● What is required: The records are to be copied word for word, and the pictures dropped.
Material supplied Block Start
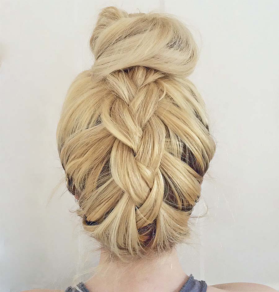 French braid technique with a bun
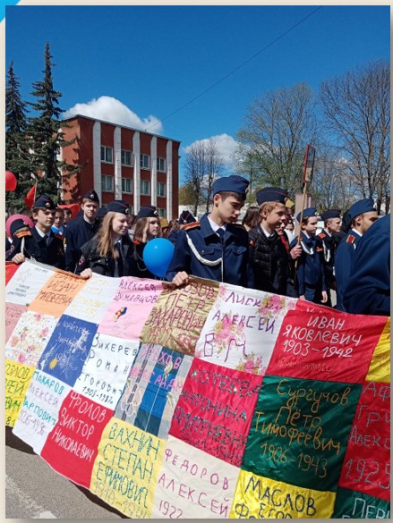 - На протяжении всего периода существования школы у нас всегда было в приоритете гражданско-патриотическое воспитание, - рассказывает Валентина Алексеевна. - Коллектив школы награжден Всероссийским Почётным знаком «За активную работу по патриотическому воспитанию граждан РФ». В 2013 году наша школа первой в Калужской области приняла участие в проекте «Имя героя - школе», а наш музей боевой славы неоднократно становился лауреатом и призёром Всероссийских и областных конкурсов-смотров школьных музеев. Мы участвуем в Международной акции «Солдатский платок», а Полотнище с именами наших героев-земляков войны и тыла хранится в Государственном военном музее на Поклонной Горе в Москве. И этот проект продолжается, в нем принимают участие не только дети, но и жители Людинова.
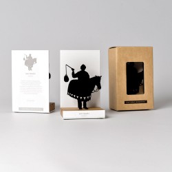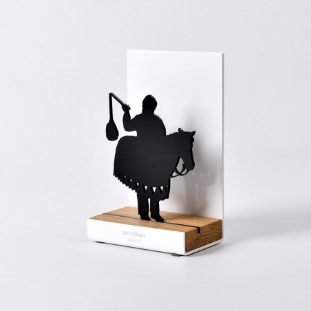 Figure souvenir avec structure en acier laqué en blanc, base en bois de chêne et silhouette avec le motif Zaldiko découpé au laser sur du méthacrylate noir brillant avec une épaisseur de 3mm.
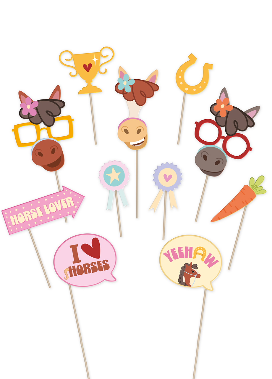Rekwizyty do zdjęć KONIE to fantastyczne akcesoria, które rozbawią każde dziecko na Twojej imprezie! Zestaw zawiera 11 zabawnych elementów w kształcie koni, które będą świetnym dodatkiem do wszelkich dziecięcych zabaw. Dzięki nim każdy maluch poczuje się jak prawdziwy jeździec na wesołej imprezie urodzinowej lub tematycznej.
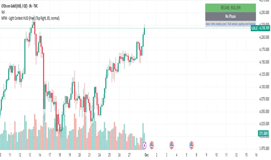MFM Light Context HUD is the free version of the Market Framework Model. It gives you a fast and clean view of the current market regime and phase without signals or chart noise. The HUD shows whether the asset is in a bullish or bearish environment and whether it is in a volatile, compression, drift, or neutral phase. This helps you read structure at a glance.
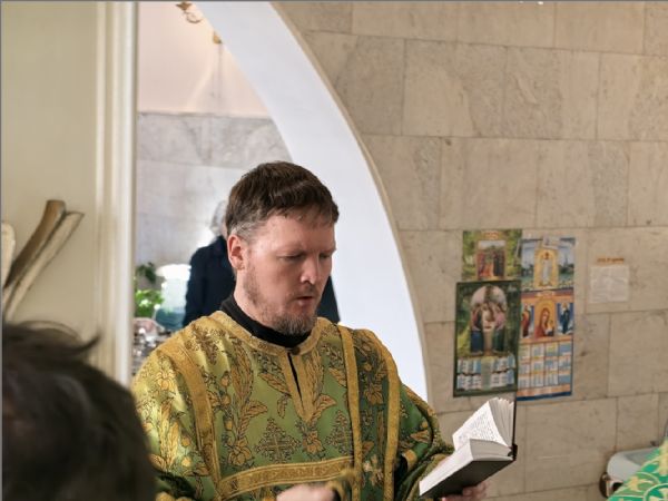 На мирной и сугубой ектениях были вознесены молитвы о Российском воинстве и о мире. Проповедь произнёс протоиерей Андрей Дубровин. Священник рассказал о святой и вспомнил, почему этот храм получил свое имя:
Material supplied Block End
● Answer to the problem:
 French braid technique with a bun
 - На протяжении всего периода существования школы у нас всегда было в приоритете гражданско-патриотическое воспитание, - рассказывает Валентина Алексеевна. - Коллектив школы награжден Всероссийским Почётным знаком «За активную работу по патриотическому воспитанию граждан РФ». В 2013 году наша школа первой в Калужской области приняла участие в проекте «Имя героя - школе», а наш музей боевой славы неоднократно становился лауреатом и призёром Всероссийских и областных конкурсов-смотров школьных музеев. Мы участвуем в Международной акции «Солдатский платок», а Полотнище с именами наших героев-земляков войны и тыла хранится в Государственном военном музее на Поклонной Горе в Москве. И этот проект продолжается, в нем принимают участие не только дети, но и жители Людинова.
 Figure souvenir avec structure en acier laqué en blanc, base en bois de chêne et silhouette avec le motif Zaldiko découpé au laser sur du méthacrylate noir brillant avec une épaisseur de 3mm.
Rekwizyty do zdjęć KONIE to fantastyczne akcesoria, które rozbawią każde dziecko na Twojej imprezie! Zestaw zawiera 11 zabawnych elementów w kształcie koni, które będą świetnym dodatkiem do wszelkich dziecięcych zabaw. Dzięki nim każdy maluch poczuje się jak prawdziwy jeździec na wesołej imprezie urodzinowej lub tematycznej.
MFM Light Context HUD is the free version of the Market Framework Model. It gives you a fast and clean view of the current market regime and phase without signals or chart noise. The HUD shows whether the asset is in a bullish or bearish environment and whether it is in a volatile, compression, drift, or neutral phase. This helps you read structure at a glance.
 На мирной и сугубой ектениях были вознесены молитвы о Российском воинстве и о мире. Проповедь произнёс протоиерей Андрей Дубровин. Священник рассказал о святой и вспомнил, почему этот храм получил свое имя:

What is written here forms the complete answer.